Description and evaluation of an EBM curriculum using a block rotation
1 Department of Family and Community Medicine, University of California, San Francisco, San Francisco General Hospital, 1001 Potrero Avenue, Building 80/83, San Francisco, CA 94110, USA
2 Barnett-Briggs Medical Library, University of California, San Francisco, San Francisco General Hospital, 1001 Potrero Avenue, Building 30, San Francisco, CA 94110, USA
BMC Medical Education 2004, 4:19 doi:10.1186/1472-6920-4-19Published: 11 October 2004
While previous authors have emphasized the importance of integrating and reinforcing evidence-based medicine (EBM) skills in residency, there are few published examples of such curricula. We designed an EBM curriculum to train family practice interns in essential EBM skills for information mastery using clinical questions generated by the family practice inpatient service. We sought to evaluate the impact of this curriculum on interns, residents, and faculty.
Interns (n = 13) were asked to self-assess their level of confidence in basic EBM skills before and after their 2-week EBM rotation. Residents (n = 21) and faculty (n = 12) were asked to assess how often the answers provided by the EBM intern to the inpatient service changed medical care.

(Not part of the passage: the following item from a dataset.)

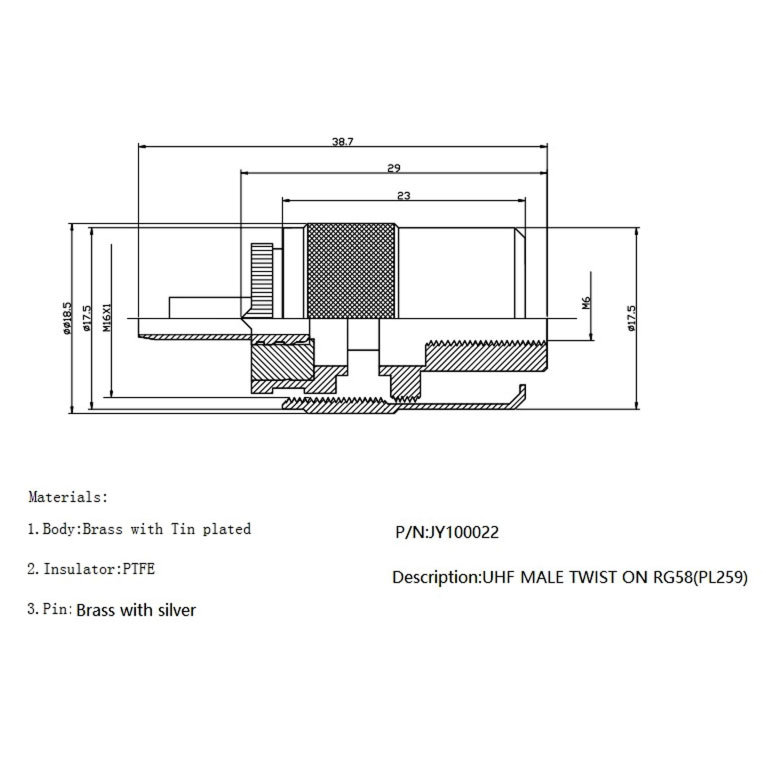 JY10022 JYC Connector UHF Αρσενικό TWIST-ON RG58 (PL259) TEFLON

In addition, residents were asked to report how often they used their EBM skills and how often EBM concepts and tools were used in teaching by senior residents and faculty. Faculty were asked if the EBM curriculum had increased their use of EBM in practice and in teaching.

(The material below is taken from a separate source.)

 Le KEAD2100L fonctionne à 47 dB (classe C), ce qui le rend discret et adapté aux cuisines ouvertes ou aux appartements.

Interns significantly increased their confidence over the course of the rotation. Residents and faculty felt that the answers provided by the EBM intern provided useful information and led to changes in patient care. Faculty reported incorporating EBM into their teaching (92%) and practice (75%). Residents reported applying the EBM skills they learned to patient care (86%) and that these skills were reinforced in the teaching they received outside of the rotation (81%). All residents and 11 of 12 faculty felt that the EBM curriculum had improved patient care.
To our knowledge, this is the first published EBM curriculum using an individual block rotation format. As such, it may provide an alternative model for teaching and incorporating EBM into a residency program.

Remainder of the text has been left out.